The basic income can be achieved in large measure by distributing the national profit as a dividend, rather than only enabling its consumption through increasing our debt each year by the magnitude of that profit. Who would have thought that the bane of modern monopoly capitalism, was to be had through producing some books of account?
These accounts need not necessarily be done by Government agencies; a small body of people with accounting skills can manage them, and then the Government will have to argue the negative case. If we can measure a surplus we can prove its existence. If a profit exists, it is always the property of the shareholders. But who are a Nation’s shareholders? May I suggest, only proper persons who each hold by right, one share and one vote.
In economics the books of account are the narrative. For this reason the books dominate economic policy. Whoever does the Balance Sheet and Profit and Loss Accounts presupposes all the conclusions which logically flow from them. In the corporate world it is a case of “The Accountants rule; OK!” In the political economy of capitalism as we know it, the private Banks’ funding of our profit measured in the National Accounts, provides them with the one ring which rules them all.
Do any of you know the whereabouts of a few hobbits with accounting skills?
The final thing I would like to do, is to put all this into an historical perspective. In each age there is a key sanction to which all other powers give obeisance. In times such as the Roman Empire the key sanction was the military one. If you had the support and the affections of the Legions you ruled the World.
With the collapse of Rome communications and transport systems atrophied. Your life depended on wool, foods and building material etc. usually within about ten miles of your home. The Feudal system was built on a key sanction too; the local monopoly of land which was in the hands of the Lord of the Manor.
When the ships sailed the oceans and rivers of Europe again, and roads reopened, wheat, wine, honey and luxury items could cheaply be brought from hundreds of miles away. The local monopoly of land weakened and the mercantile system arose.

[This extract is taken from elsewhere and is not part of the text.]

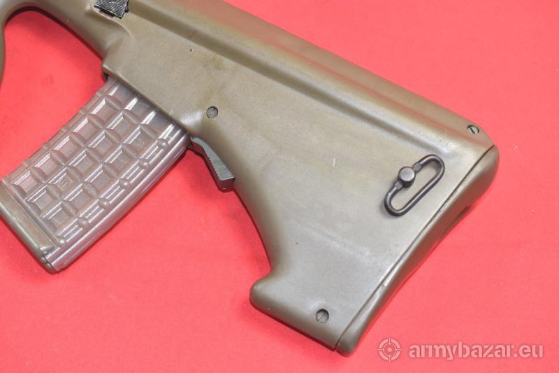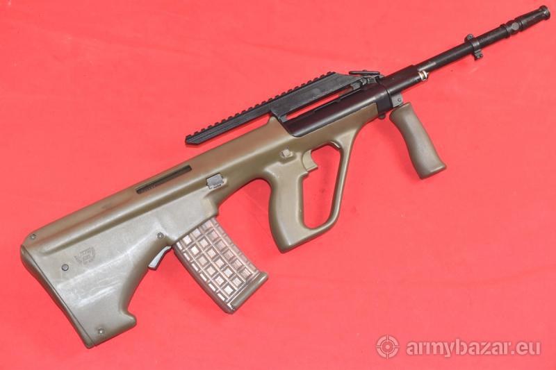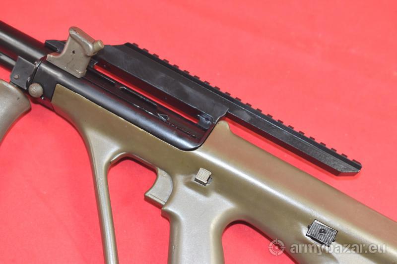 Opis: #7634 Karabinek Steyr AUG kal. 223Rem. Produkcja malezyjska z lat dziewięćdziesiątych - na licencji austriackich zakładów Steyr. Stan - bardzo dobry. Więcej noszone, niż strzelane - dlatego stan "organów wewnętrznych" jest po prostu świetny. Egzemplarz przerobiony - fabryczna optyka została usunięta, na jej miejsce umieszczono szynę Picatinny. Nowy lakier na komorze zamkowej - na lufie oryginalny. Przewód lufy w stanie idealnym. BROŃ DOWOZIMY NA TERENIE CAŁEGO KRAJU - RAZ W MIESIĄCU

The reorganisation of commerce on a grand scale and across national borders required letters of credit, and a bankers’ monopoly of credit became ascendant in time. Money became the key directive sanction which predominated into present times. These were “sea changes” which came as the key sanction in society changed.

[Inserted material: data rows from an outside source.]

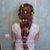 Another very simple hairstyle is also suitable for medium length hair. First of all, combed hair is separated using a parting. Following in the upper part is taken six strands that are tightened with colored accessories. Approximately in the middle part of each lock, knots are tied directly from the hair. After that, all the hair is collected in a ponytail, or the bundle remains loose.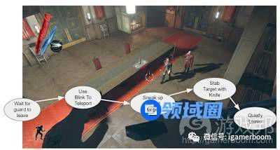 假设玩家要在这个场景里刺杀红色衣服的男人。这里玩家不会只是跳下去然后求老天保佑,他们会需要有一些行动前的计划。他们也许一开始会先等待,等到护卫离开,然后瞬移到杀害目标身后,悄然无声地完成刺杀,等完成这些动作后,再用同样的方式离开——这就是玩家在行动前脑海里的活动。他们在没有某些计划之前是不会行动的。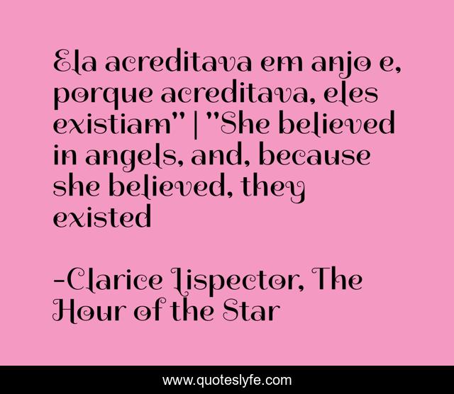 "Clarice Lispector, The Hour of the Star Quotes." Quoteslyfe.com, 2025. Fri. 05 Dec. 2025. <https://www.quoteslyfe.com/quote/Ela-acreditava-em-anjo-e-porque-acreditava-111763>.

Another is now on the cusp of a new dominance. A hundred years ago, convincing people that banks created money was met with incredulity. Now all the textbooks and financial pages accept and report this daily. Soon we will all know that our economies are innately profitable, and that this great boon is now appropriated by a system which finances us to have it, but only through debt to a credit monopoly.
This coming key sanction is growing daily; it is already a towering phenomenon at our shoulders. It is the power of public knowledge and awareness in the Information Age. The sanction of information will be resisted. It will not however, be denied!